ACTIVITY: Apart from the pictures, the listing is to be returned exactly.

DATA BLOCK:
────────────────

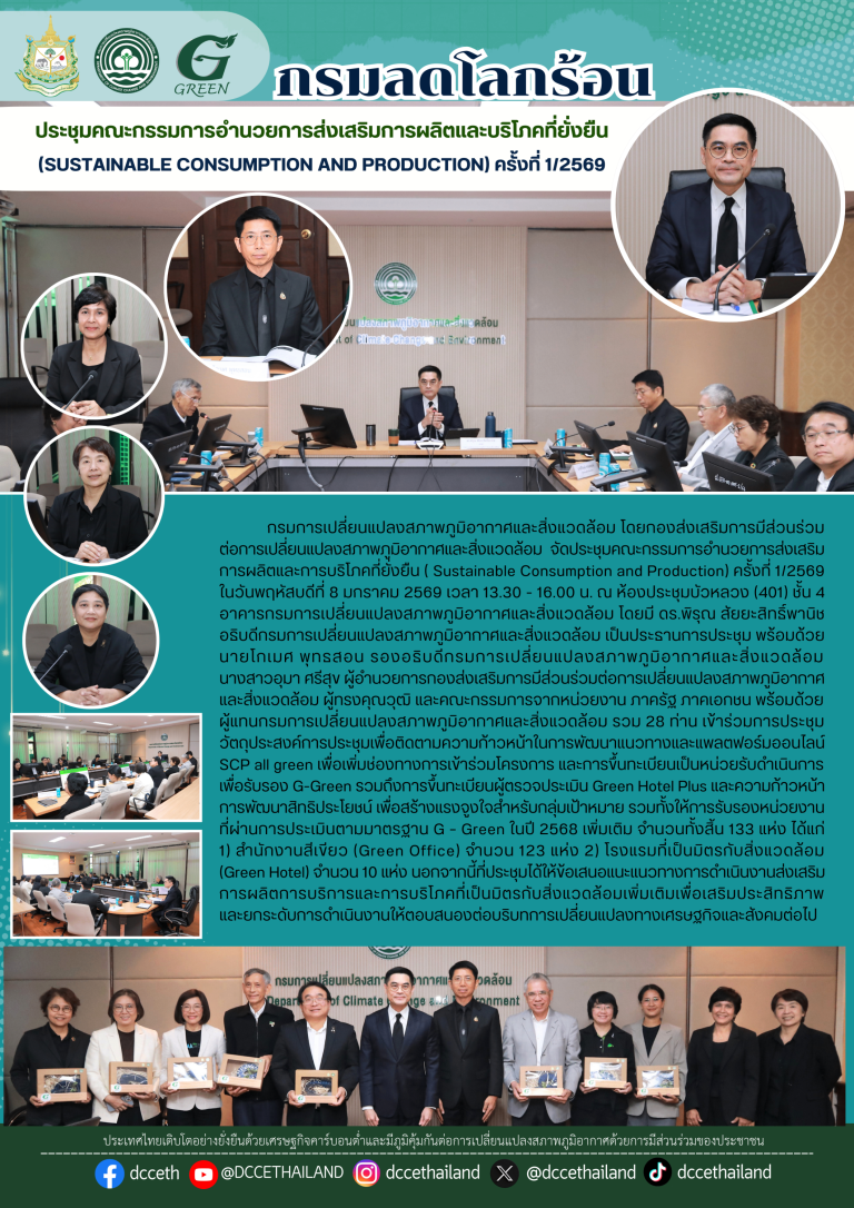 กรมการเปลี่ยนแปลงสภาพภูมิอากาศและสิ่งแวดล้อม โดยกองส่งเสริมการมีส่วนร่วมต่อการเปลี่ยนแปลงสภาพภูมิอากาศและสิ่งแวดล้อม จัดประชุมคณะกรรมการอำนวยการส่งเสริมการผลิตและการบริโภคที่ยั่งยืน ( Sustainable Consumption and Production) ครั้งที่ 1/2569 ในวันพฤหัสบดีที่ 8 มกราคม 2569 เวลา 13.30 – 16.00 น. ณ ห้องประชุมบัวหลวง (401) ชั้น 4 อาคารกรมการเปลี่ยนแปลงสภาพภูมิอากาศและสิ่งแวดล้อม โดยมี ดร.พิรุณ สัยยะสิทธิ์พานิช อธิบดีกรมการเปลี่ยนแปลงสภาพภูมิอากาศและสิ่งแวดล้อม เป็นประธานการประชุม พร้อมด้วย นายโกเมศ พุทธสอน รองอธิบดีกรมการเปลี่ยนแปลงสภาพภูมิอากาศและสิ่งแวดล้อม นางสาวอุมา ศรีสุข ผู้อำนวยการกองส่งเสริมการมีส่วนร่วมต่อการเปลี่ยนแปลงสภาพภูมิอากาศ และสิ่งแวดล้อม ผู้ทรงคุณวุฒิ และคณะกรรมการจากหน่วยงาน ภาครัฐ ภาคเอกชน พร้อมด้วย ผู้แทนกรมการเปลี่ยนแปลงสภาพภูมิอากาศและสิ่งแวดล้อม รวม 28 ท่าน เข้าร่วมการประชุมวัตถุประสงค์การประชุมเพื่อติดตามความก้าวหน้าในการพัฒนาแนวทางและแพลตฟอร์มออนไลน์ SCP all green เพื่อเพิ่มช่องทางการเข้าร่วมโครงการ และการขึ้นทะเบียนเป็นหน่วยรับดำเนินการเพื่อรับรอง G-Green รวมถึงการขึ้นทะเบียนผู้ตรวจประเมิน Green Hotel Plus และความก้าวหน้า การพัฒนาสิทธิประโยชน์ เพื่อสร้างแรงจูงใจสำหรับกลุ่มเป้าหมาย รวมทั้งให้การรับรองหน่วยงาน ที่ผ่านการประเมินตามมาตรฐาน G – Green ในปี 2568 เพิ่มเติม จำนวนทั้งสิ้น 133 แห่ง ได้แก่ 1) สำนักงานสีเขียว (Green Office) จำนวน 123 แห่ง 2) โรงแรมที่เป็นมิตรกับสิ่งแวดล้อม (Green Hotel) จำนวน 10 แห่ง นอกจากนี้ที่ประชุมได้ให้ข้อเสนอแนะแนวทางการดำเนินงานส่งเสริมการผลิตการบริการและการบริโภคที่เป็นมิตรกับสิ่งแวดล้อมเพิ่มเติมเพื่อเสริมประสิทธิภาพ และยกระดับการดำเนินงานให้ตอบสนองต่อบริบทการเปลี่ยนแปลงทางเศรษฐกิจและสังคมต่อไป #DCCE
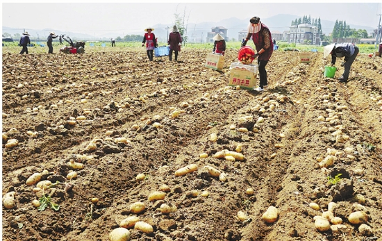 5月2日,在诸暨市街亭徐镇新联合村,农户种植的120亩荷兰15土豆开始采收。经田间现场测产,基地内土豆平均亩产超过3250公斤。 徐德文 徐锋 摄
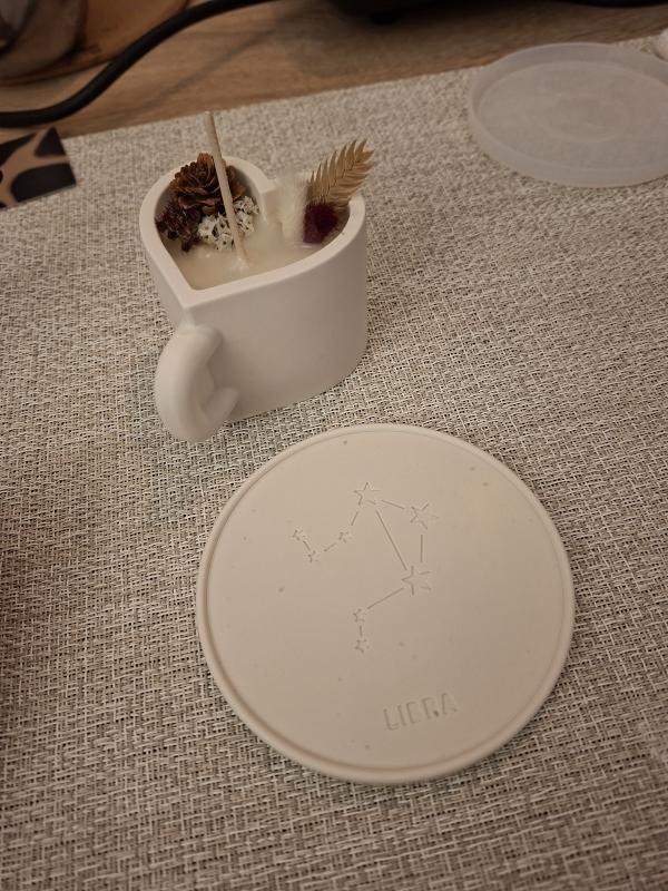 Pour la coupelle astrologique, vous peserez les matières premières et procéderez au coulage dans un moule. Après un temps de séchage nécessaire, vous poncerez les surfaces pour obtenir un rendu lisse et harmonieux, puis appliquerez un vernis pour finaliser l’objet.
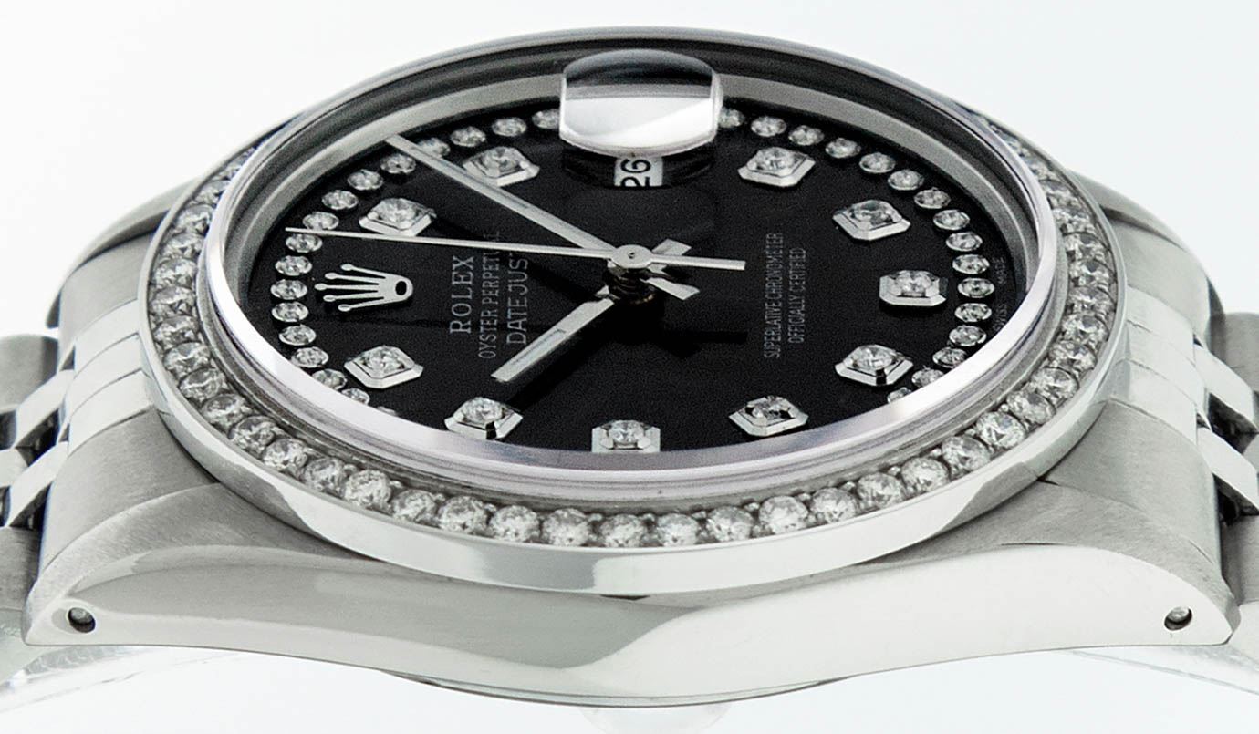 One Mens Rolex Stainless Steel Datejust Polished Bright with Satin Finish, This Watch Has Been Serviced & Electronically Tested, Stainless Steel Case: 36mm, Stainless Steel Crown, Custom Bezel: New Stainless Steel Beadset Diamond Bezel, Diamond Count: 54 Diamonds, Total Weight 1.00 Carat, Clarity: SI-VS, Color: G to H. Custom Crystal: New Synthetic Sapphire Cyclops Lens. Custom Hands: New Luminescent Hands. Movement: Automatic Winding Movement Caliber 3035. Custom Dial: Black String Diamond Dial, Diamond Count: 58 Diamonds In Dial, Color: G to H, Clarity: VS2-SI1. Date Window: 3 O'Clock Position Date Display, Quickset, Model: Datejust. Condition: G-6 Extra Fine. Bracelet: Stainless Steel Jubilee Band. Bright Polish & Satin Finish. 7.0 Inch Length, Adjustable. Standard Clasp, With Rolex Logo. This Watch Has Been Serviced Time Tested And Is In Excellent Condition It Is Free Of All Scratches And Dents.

────────────────

TASK ANSWER:
 กรมการเปลี่ยนแปลงสภาพภูมิอากาศและสิ่งแวดล้อม โดยกองส่งเสริมการมีส่วนร่วมต่อการเปลี่ยนแปลงสภาพภูมิอากาศและสิ่งแวดล้อม จัดประชุมคณะกรรมการอำนวยการส่งเสริมการผลิตและการบริโภคที่ยั่งยืน ( Sustainable Consumption and Production) ครั้งที่ 1/2569 ในวันพฤหัสบดีที่ 8 มกราคม 2569 เวลา 13.30 – 16.00 น. ณ ห้องประชุมบัวหลวง (401) ชั้น 4 อาคารกรมการเปลี่ยนแปลงสภาพภูมิอากาศและสิ่งแวดล้อม โดยมี ดร.พิรุณ สัยยะสิทธิ์พานิช อธิบดีกรมการเปลี่ยนแปลงสภาพภูมิอากาศและสิ่งแวดล้อม เป็นประธานการประชุม พร้อมด้วย นายโกเมศ พุทธสอน รองอธิบดีกรมการเปลี่ยนแปลงสภาพภูมิอากาศและสิ่งแวดล้อม นางสาวอุมา ศรีสุข ผู้อำนวยการกองส่งเสริมการมีส่วนร่วมต่อการเปลี่ยนแปลงสภาพภูมิอากาศ และสิ่งแวดล้อม ผู้ทรงคุณวุฒิ และคณะกรรมการจากหน่วยงาน ภาครัฐ ภาคเอกชน พร้อมด้วย ผู้แทนกรมการเปลี่ยนแปลงสภาพภูมิอากาศและสิ่งแวดล้อม รวม 28 ท่าน เข้าร่วมการประชุมวัตถุประสงค์การประชุมเพื่อติดตามความก้าวหน้าในการพัฒนาแนวทางและแพลตฟอร์มออนไลน์ SCP all green เพื่อเพิ่มช่องทางการเข้าร่วมโครงการ และการขึ้นทะเบียนเป็นหน่วยรับดำเนินการเพื่อรับรอง G-Green รวมถึงการขึ้นทะเบียนผู้ตรวจประเมิน Green Hotel Plus และความก้าวหน้า การพัฒนาสิทธิประโยชน์ เพื่อสร้างแรงจูงใจสำหรับกลุ่มเป้าหมาย รวมทั้งให้การรับรองหน่วยงาน ที่ผ่านการประเมินตามมาตรฐาน G – Green ในปี 2568 เพิ่มเติม จำนวนทั้งสิ้น 133 แห่ง ได้แก่ 1) สำนักงานสีเขียว (Green Office) จำนวน 123 แห่ง 2) โรงแรมที่เป็นมิตรกับสิ่งแวดล้อม (Green Hotel) จำนวน 10 แห่ง นอกจากนี้ที่ประชุมได้ให้ข้อเสนอแนะแนวทางการดำเนินงานส่งเสริมการผลิตการบริการและการบริโภคที่เป็นมิตรกับสิ่งแวดล้อมเพิ่มเติมเพื่อเสริมประสิทธิภาพ และยกระดับการดำเนินงานให้ตอบสนองต่อบริบทการเปลี่ยนแปลงทางเศรษฐกิจและสังคมต่อไป #DCCE
 5月2日,在诸暨市街亭徐镇新联合村,农户种植的120亩荷兰15土豆开始采收。经田间现场测产,基地内土豆平均亩产超过3250公斤。 徐德文 徐锋 摄
 Pour la coupelle astrologique, vous peserez les matières premières et procéderez au coulage dans un moule. Après un temps de séchage nécessaire, vous poncerez les surfaces pour obtenir un rendu lisse et harmonieux, puis appliquerez un vernis pour finaliser l’objet.
 One Mens Rolex Stainless Steel Datejust Polished Bright with Satin Finish, This Watch Has Been Serviced & Electronically Tested, Stainless Steel Case: 36mm, Stainless Steel Crown, Custom Bezel: New Stainless Steel Beadset Diamond Bezel, Diamond Count: 54 Diamonds, Total Weight 1.00 Carat, Clarity: SI-VS, Color: G to H. Custom Crystal: New Synthetic Sapphire Cyclops Lens. Custom Hands: New Luminescent Hands. Movement: Automatic Winding Movement Caliber 3035. Custom Dial: Black String Diamond Dial, Diamond Count: 58 Diamonds In Dial, Color: G to H, Clarity: VS2-SI1. Date Window: 3 O'Clock Position Date Display, Quickset, Model: Datejust. Condition: G-6 Extra Fine. Bracelet: Stainless Steel Jubilee Band. Bright Polish & Satin Finish. 7.0 Inch Length, Adjustable. Standard Clasp, With Rolex Logo. This Watch Has Been Serviced Time Tested And Is In Excellent Condition It Is Free Of All Scratches And Dents.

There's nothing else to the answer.